**TASK DIRECTIONS**
Below is a listing; retype exactly the lines between the one containing "- Q: What is" and the one containing "9. Minimalist Home", inclusive, minus the pictures.

**TASK INPUTS**

---

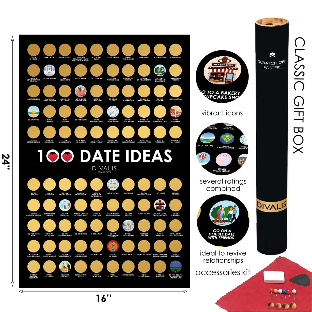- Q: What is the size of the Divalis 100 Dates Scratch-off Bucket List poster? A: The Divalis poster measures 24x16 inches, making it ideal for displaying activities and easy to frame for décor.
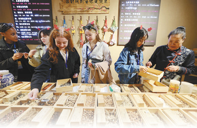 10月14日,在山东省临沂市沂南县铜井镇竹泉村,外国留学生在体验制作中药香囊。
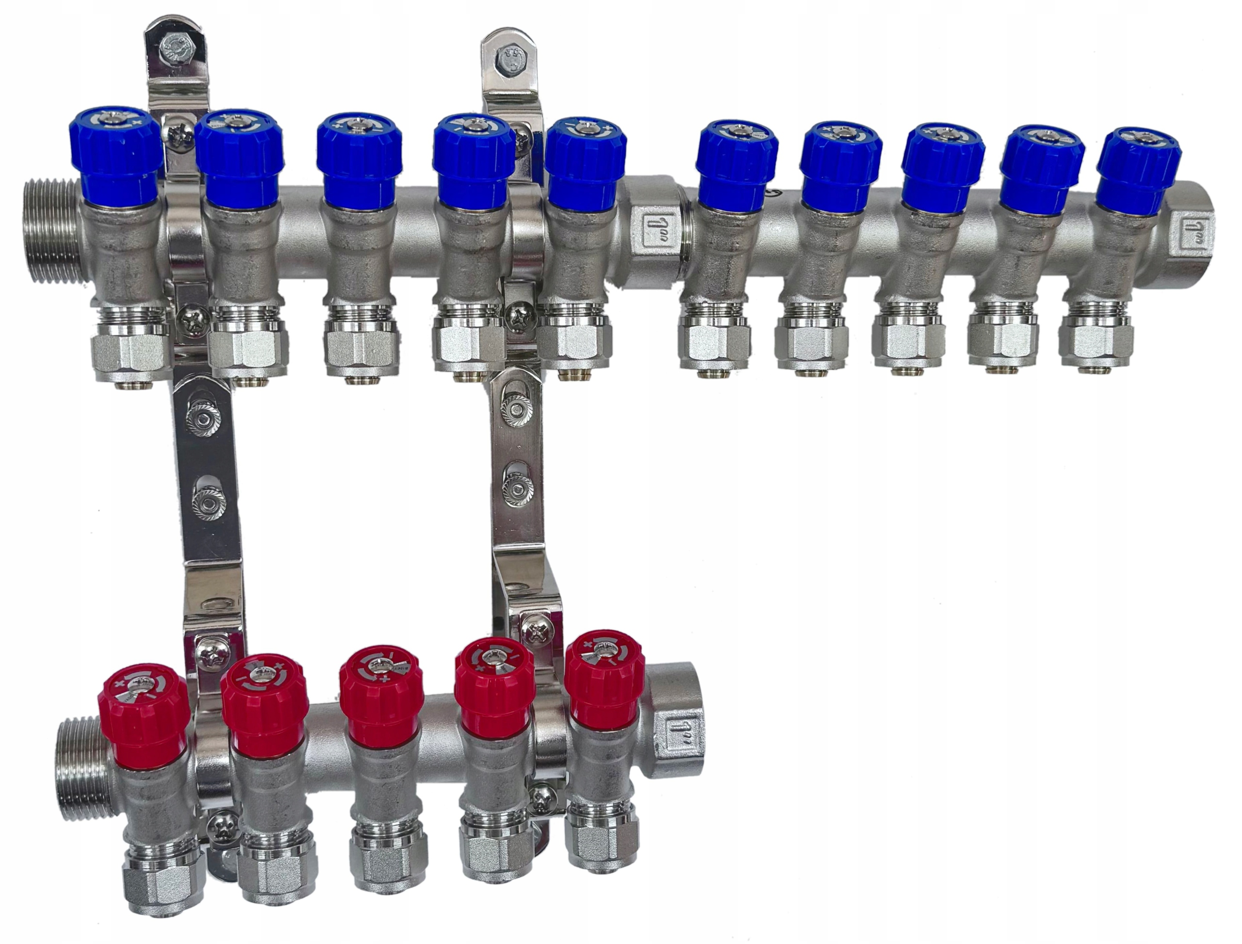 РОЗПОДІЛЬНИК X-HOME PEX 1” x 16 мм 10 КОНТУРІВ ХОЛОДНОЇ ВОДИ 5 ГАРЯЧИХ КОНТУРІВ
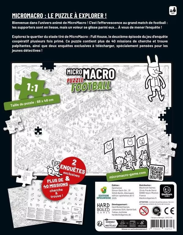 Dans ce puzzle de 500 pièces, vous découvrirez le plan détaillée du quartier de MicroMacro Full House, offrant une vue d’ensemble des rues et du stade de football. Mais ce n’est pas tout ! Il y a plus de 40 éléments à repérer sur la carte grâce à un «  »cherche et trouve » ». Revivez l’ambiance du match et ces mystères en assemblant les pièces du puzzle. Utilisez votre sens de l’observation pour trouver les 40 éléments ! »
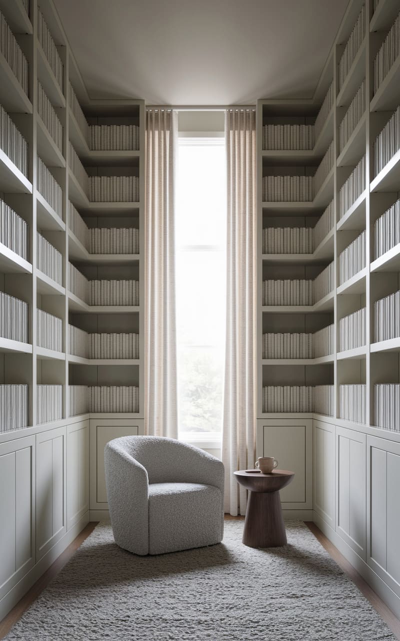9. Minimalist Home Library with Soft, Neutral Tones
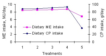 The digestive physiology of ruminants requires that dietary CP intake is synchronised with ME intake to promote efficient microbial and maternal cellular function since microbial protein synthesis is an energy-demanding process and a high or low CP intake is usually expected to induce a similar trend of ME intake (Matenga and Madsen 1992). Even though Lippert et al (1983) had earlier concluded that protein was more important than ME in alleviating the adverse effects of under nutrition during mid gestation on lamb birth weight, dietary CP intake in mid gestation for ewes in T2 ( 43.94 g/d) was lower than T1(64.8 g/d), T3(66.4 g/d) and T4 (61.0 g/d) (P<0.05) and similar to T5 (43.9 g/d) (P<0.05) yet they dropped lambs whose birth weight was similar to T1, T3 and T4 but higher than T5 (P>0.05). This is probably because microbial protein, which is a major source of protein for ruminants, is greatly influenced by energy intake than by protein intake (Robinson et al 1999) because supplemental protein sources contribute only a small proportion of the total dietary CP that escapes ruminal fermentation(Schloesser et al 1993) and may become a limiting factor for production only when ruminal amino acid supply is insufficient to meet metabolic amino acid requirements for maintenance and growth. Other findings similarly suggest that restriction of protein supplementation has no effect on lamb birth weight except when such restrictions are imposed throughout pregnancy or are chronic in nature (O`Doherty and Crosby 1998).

---

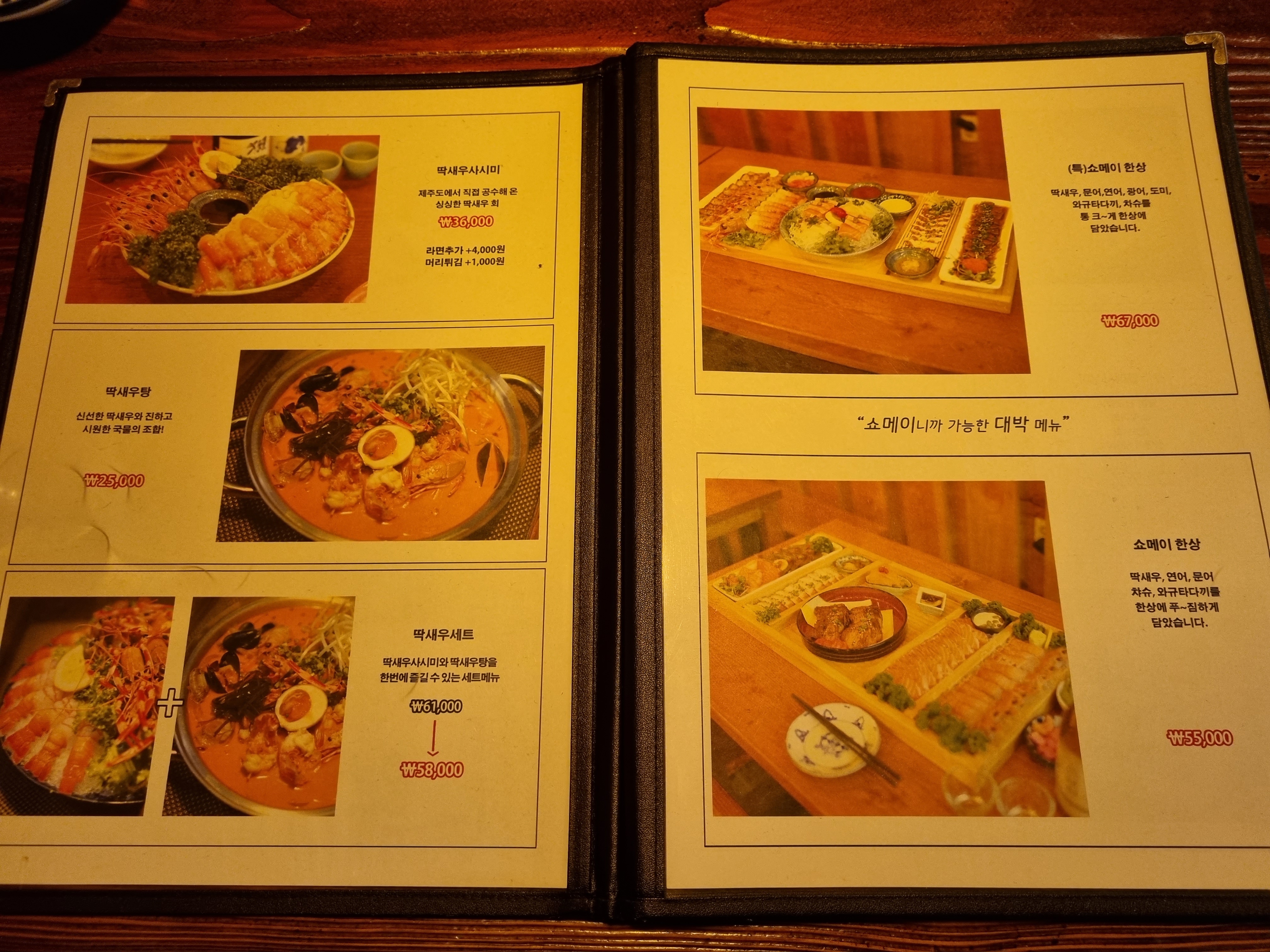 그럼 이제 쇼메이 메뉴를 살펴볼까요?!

---

**RESULT OF THIS TASK**
- Q: What is the size of the Divalis 100 Dates Scratch-off Bucket List poster? A: The Divalis poster measures 24x16 inches, making it ideal for displaying activities and easy to frame for décor.
 10月14日,在山东省临沂市沂南县铜井镇竹泉村,外国留学生在体验制作中药香囊。
 РОЗПОДІЛЬНИК X-HOME PEX 1” x 16 мм 10 КОНТУРІВ ХОЛОДНОЇ ВОДИ 5 ГАРЯЧИХ КОНТУРІВ
 Dans ce puzzle de 500 pièces, vous découvrirez le plan détaillée du quartier de MicroMacro Full House, offrant une vue d’ensemble des rues et du stade de football. Mais ce n’est pas tout ! Il y a plus de 40 éléments à repérer sur la carte grâce à un «  »cherche et trouve » ». Revivez l’ambiance du match et ces mystères en assemblant les pièces du puzzle. Utilisez votre sens de l’observation pour trouver les 40 éléments ! »
9. Minimalist Home Library with Soft, Neutral Tones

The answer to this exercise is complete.